He spoke in Welsh, but with a few choice English obscenities mixed in. Meirion always thought that the expression ‘swear like a trooper’ was nonsense, as they couldn’t hold a candle to farmers when it came to foul language.

‘Nothing to do with that, Mr Evans,’ said Parry, placatingly. ‘We called to ask about your van, that’s all.’

The weather-beaten face registered surprise. His mouth opened, revealing totally toothless gums.

‘I haven’t got a bloody van! I use a Land Rover with a big trailer these days.’

Meirion Thomas hauled out a piece of paper from his breast pocket and held it fluttering in the cold wind.

‘According to the Vehicle Registration people, you’ve got a green Ford thirty-hundredweight, number EJ 2652.’

‘Oh, that old thing! It’s not been on the road for years. The crankshaft went and the body’s so rusty it wasn’t worth fixing. What d’you want to know for?’

‘Have you still got it?’ asked the sergeant.

The farmer waved a hand vaguely in the direction of a row of stone-built cowsheds on the other side of the yard. ‘Bloody thing is rotting away behind there. I keep fence posts and rolls of wire in it.’

‘Is it the one you bought from Jaroslav Beran down in town?’

Myrddin Evans’ bewilderment became more obvious.

‘Yes, that foreign bugger sold me a pup; I paid forty quid for a heap of rust. Didn’t last more than a year before the engine blew up. What’s all this about, anyway?’

‘That man you bought it from was a crook, Myrddin. We’re looking into some of his past activities, for which he may have used the van,’ said Meirion evasively.

‘Needn’t tell me he was crooked,’ growled the farmer. ‘He sold me that heap of rubbish for a start!’
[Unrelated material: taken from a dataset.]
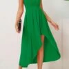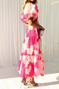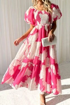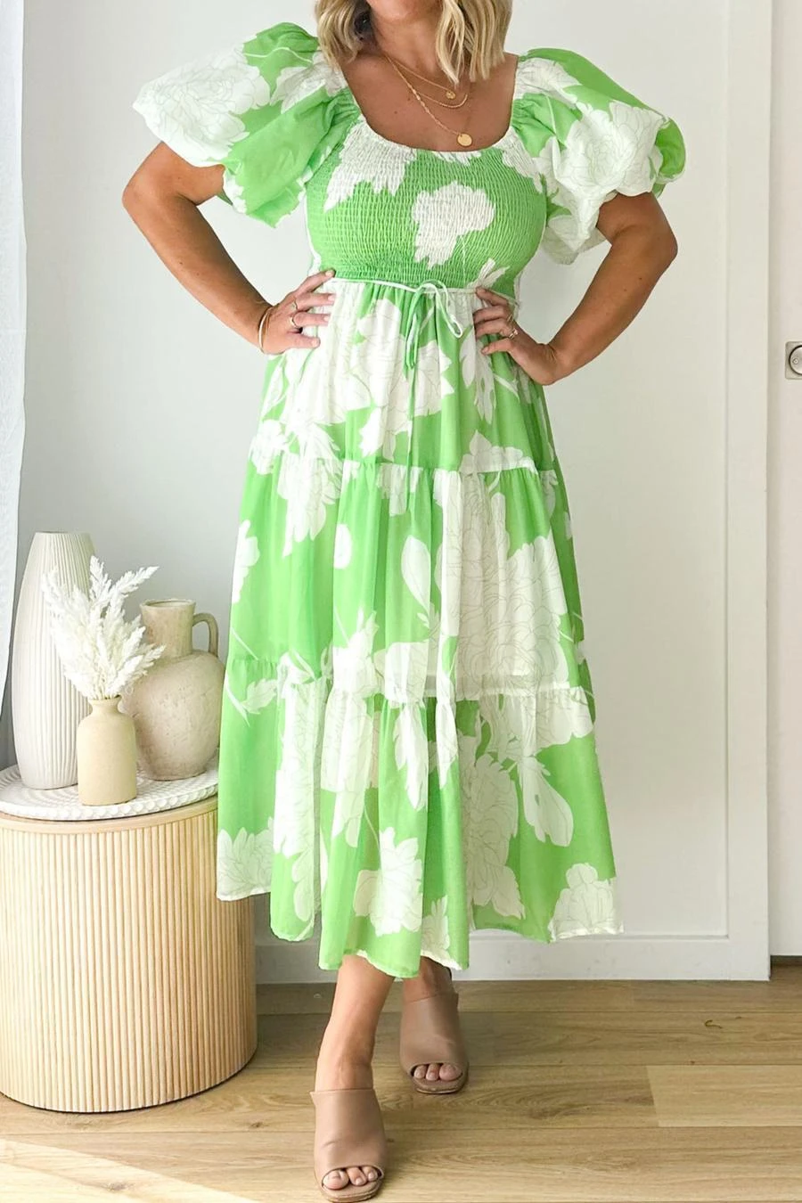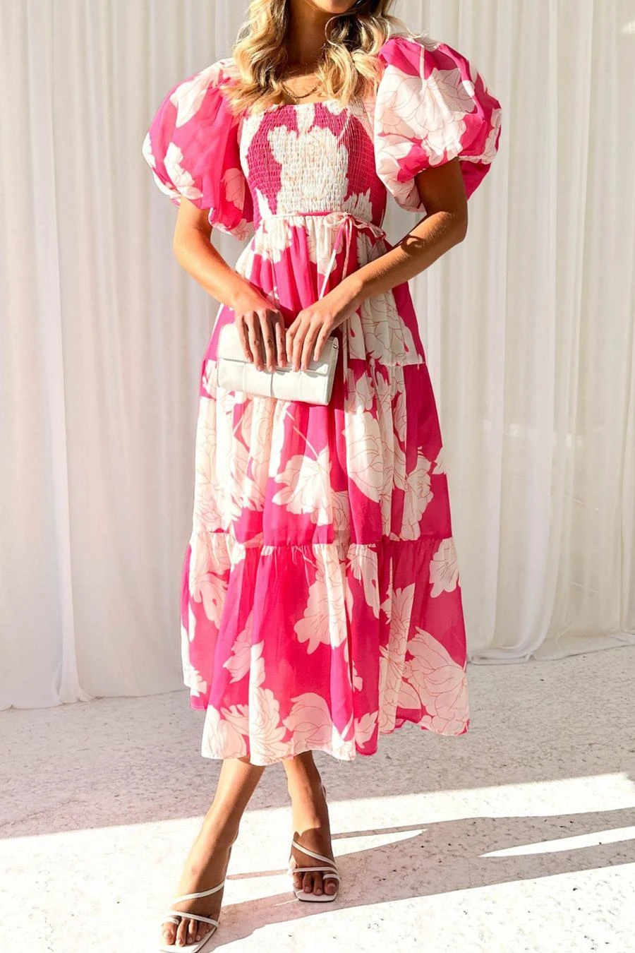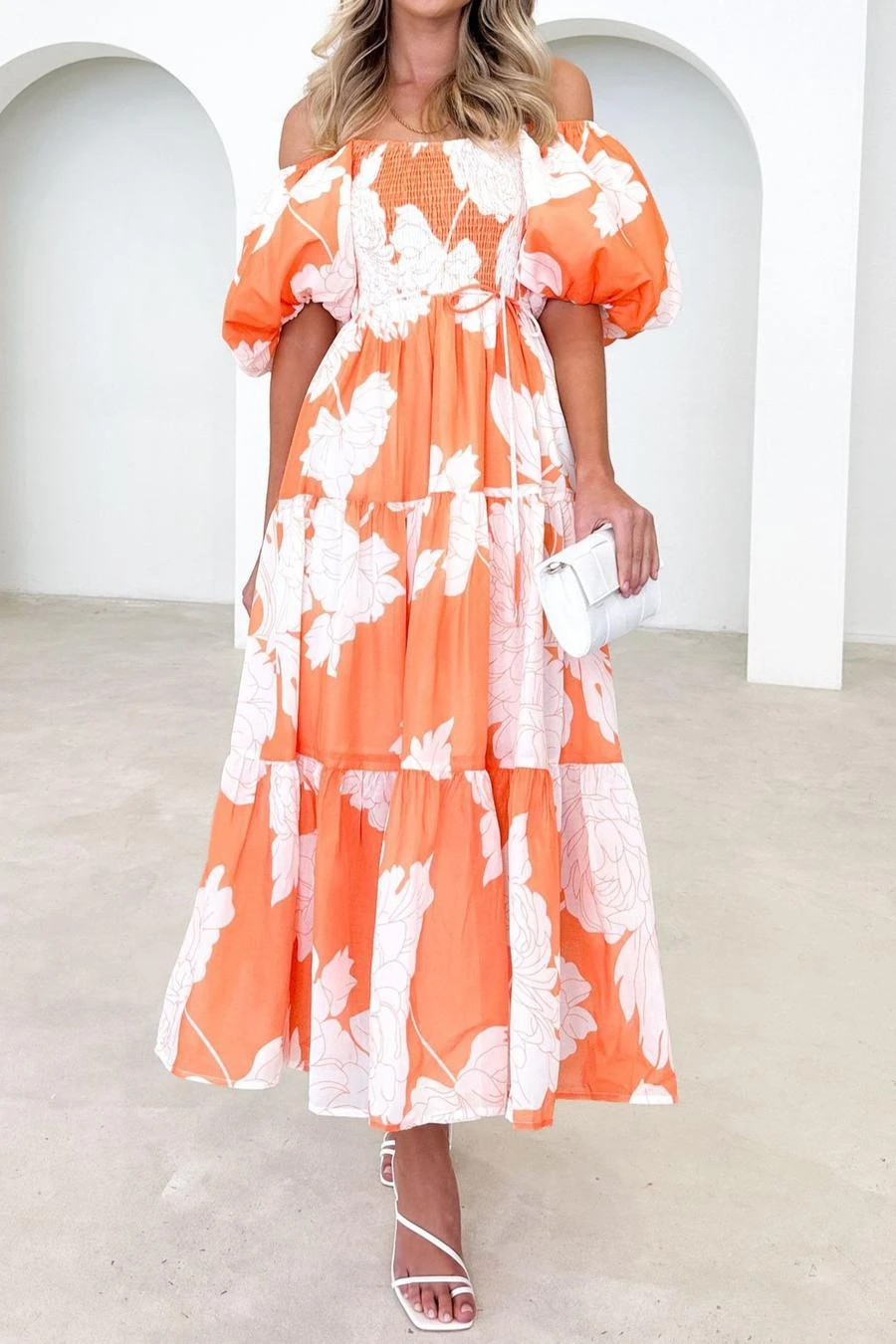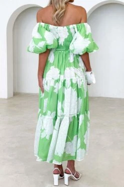 Casual slight stretch 3 colors flower batch printing off shoulder midi dress
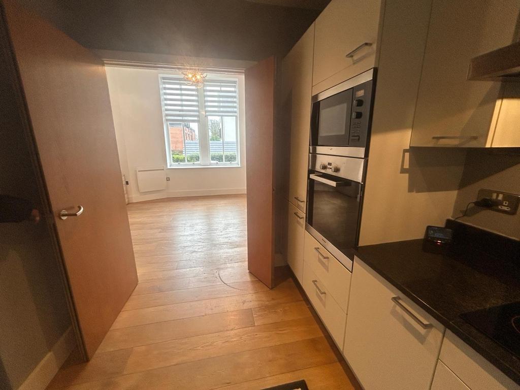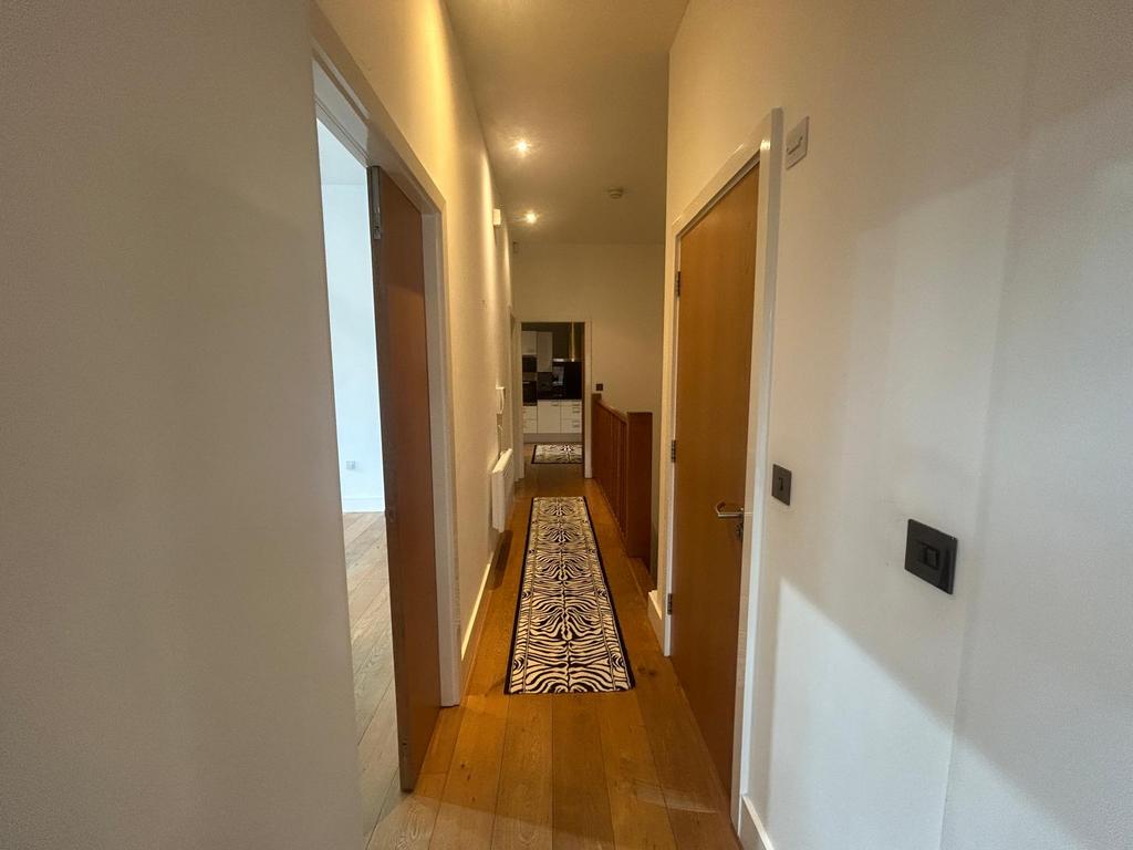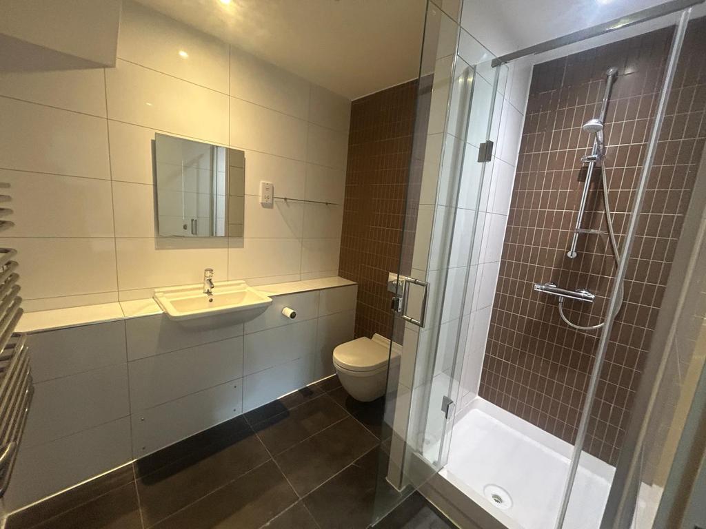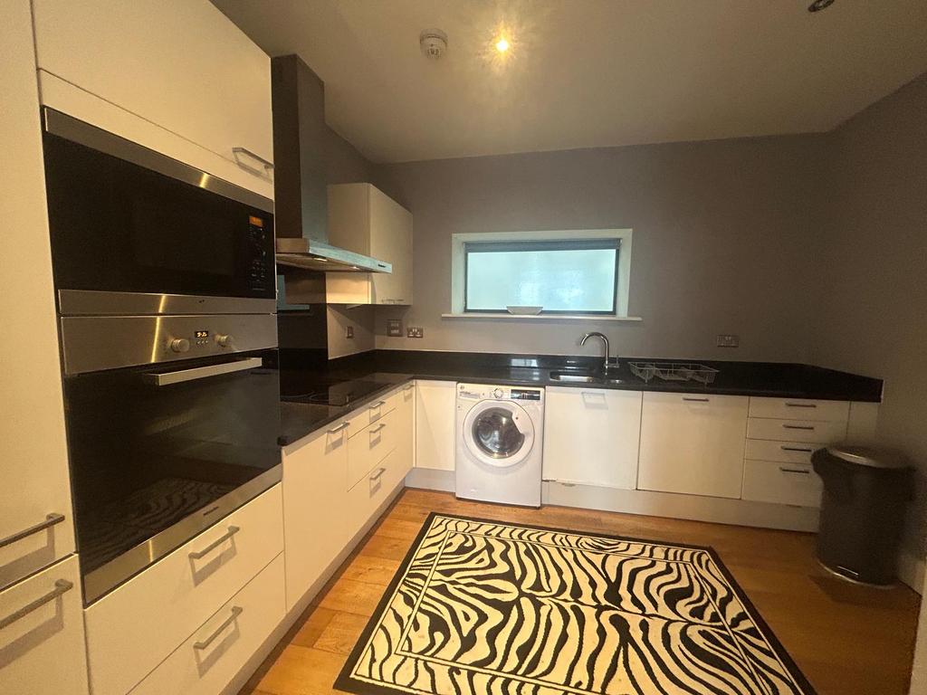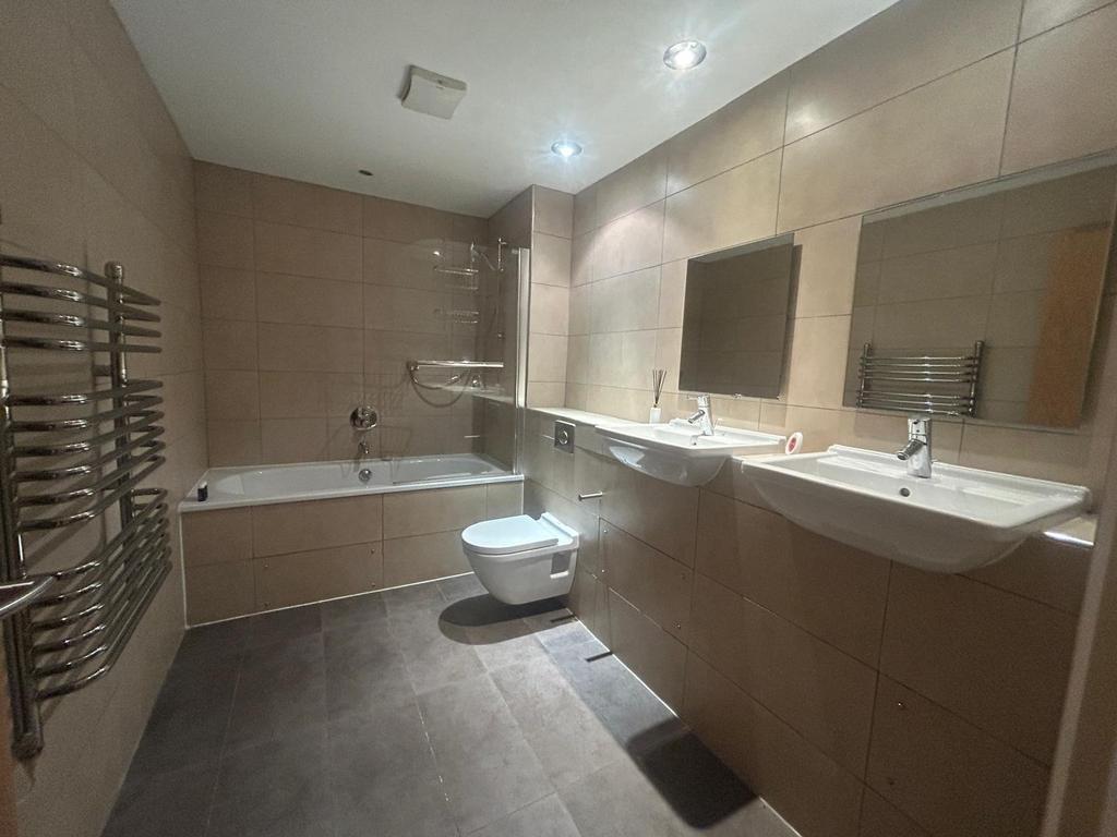 Ideal for sharers or a couple seeking flexible living, the apartment offers two generous double bedrooms, including a principal suite with stylish walk-in wardrobe and elegant en-suite shower room with striking tiling and chrome fittings. The contemporary family bathroom provides ample space with twin basins and a full-sized bath – perfect for relaxing at the end of the day.

The DI started to walk across the yard. ‘Let’s have a look at it, then.’

Behind the grey-slated roof of the cowshed, they found a green van nestling in a patch of dead nettles. All the tyres were flat and it seemed to be sinking slowly into the Welsh countryside. The rusted bonnet was against the wall of the building, so that the back doors were accessible, being kept closed by yet more binder twine being wrapped around the handles.

‘Want to look inside?’ demanded the owner.

‘Yes, it may be that we have to take the whole van away for examination. But let’s see what it’s like first.’

Evans reluctantly unwound the hairy cord that bound the handles together and with a squeal of rusty hinges, dragged the two doors apart. Inside, the detectives saw a layer of six-foot fencing posts on the floor, covered with rolls of pig-wire and spools of barbed wire. Both being from farming stock, they saw nothing odd in old vehicles being used in this way. The countryside was peppered with old railway wagons, which made cheap and useful shelter for animals, feedstuff and equipment.

They advanced on the old Ford and looked at as much of the floor as was visible. Then they trampled through the nettle stems and dragged open the side doors to look at the sodden, rotting upholstery of the seats.

‘Think forensic can do anything with this?’ asked Parry.

The DI shrugged. ‘Amazing what they can find, sometimes.’

He turned back to Myrddin Evans, who was regarding them with a scowl at this waste of time.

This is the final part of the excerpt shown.